Bagi para pengusaha, khususnya
usaha mikro dan kecil (UMK) yang bergerak di sektor produk makanan, minuman,
bahan baku, bahan tambahan pangan, bahan penolong untuk produk makanan minuman,
hasil sembelihan dan jasa penyembelihan, gerakan sadar halal mensyaratkan harus
sudah bersertifikat halal per 17 Oktober 2024, sebagai bagian dari
penahapan pertama kewajiban
bersertifikasi halal. Bilamana
pertanggal tersebut produk UMK belum tersertifikasi halal maka akan mendapat
sanksi sebagaimana telah diatur dalam aturan perundang-undangan. Jadi secara
mandatori, pertanggal 18 Oktober 2024 semua produk makanan dan minuman yang
beredar di Indonesia wajib bersertifikat halal.
Sertifikasi halal bagi pelaku
usaha memiliki banyak manfaat, salah satu di antaranya; meningkatkan nilai
tambah dan daya saing produk halal di dalam dan di luar negeri bagi pelaku
usaha.
Dalam upaya mendukung, membantu
serta mempermudah para pelaku usaha dalam mengurus sertifikat halal, pemerintah
dalam hal ini BPJPH dengan menggandeng beberapa instansi terkait sebagai
fasilitator meluncurkan program, salah satunya program SEHATI (Sertifikat halal
gratis) yang diperuntukkan khusus bagi pelaku usaha mikro kecil (UMK) melalui
skema self declare. Pelaku UMK dapat
mengurus sertifikat halal dengan syarat-syarat tertentu secara gratis.
Sementara, bagi usaha menengah melalui jalur reguler.

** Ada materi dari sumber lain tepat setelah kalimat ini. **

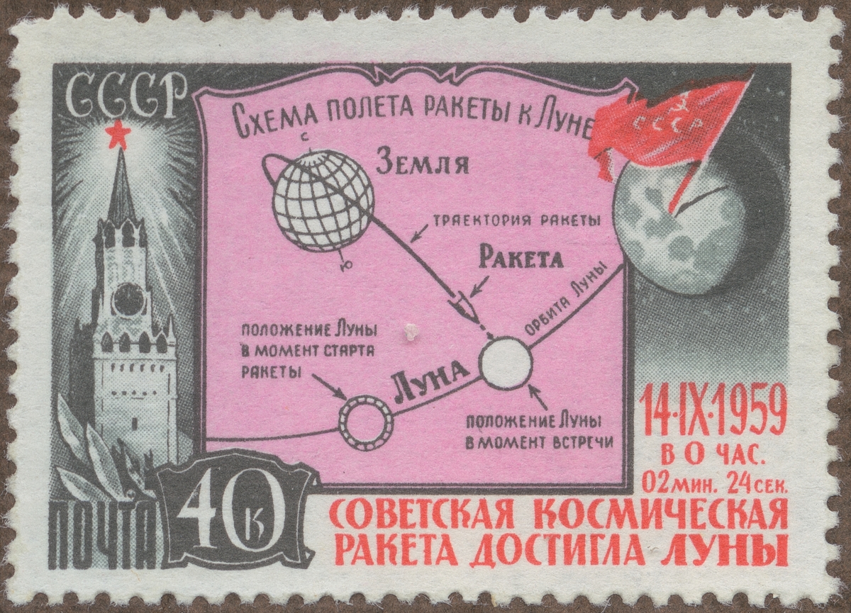 Frimärke från Ryssland, 1959. Motiv av Ryska månraketen 14 september 1959: " Nådde månen 14 september 1959, kl. 0.1 2 min. 24 sek. Jorden överst. Vänster: månpositionen vid avskjutandet. Helvit: Månens position vid mötet. Raketen: Jorden med Ryssland."

Namun kendati demikian, dari
puluhan jutaan UMKM yang terdaftar resmi yakni ; 64, 2 juta dengan rincian: Usaha
mikro 63.350.222 (96.68%), usaha kecil 783.132 (1.22%), Usaha menengah 60.702
(0.09%) dan usaha besar; 5.500 (0.01%) (Sumber; Kemenkop UKM RI Tahun 2018)
baru sebagian kecil yang "sadar halal". Hal itu dapat dilihat dari
data UMKM yang mengurus sertifikat halal masih sangat minim hingga saat ini.
Data BPJPH pertanggal 11 September 2023, menyebutkan produk yang sudah
bersertifikat halal rentang antara tahun 2019-2023 baru berjumlah 2.460.390.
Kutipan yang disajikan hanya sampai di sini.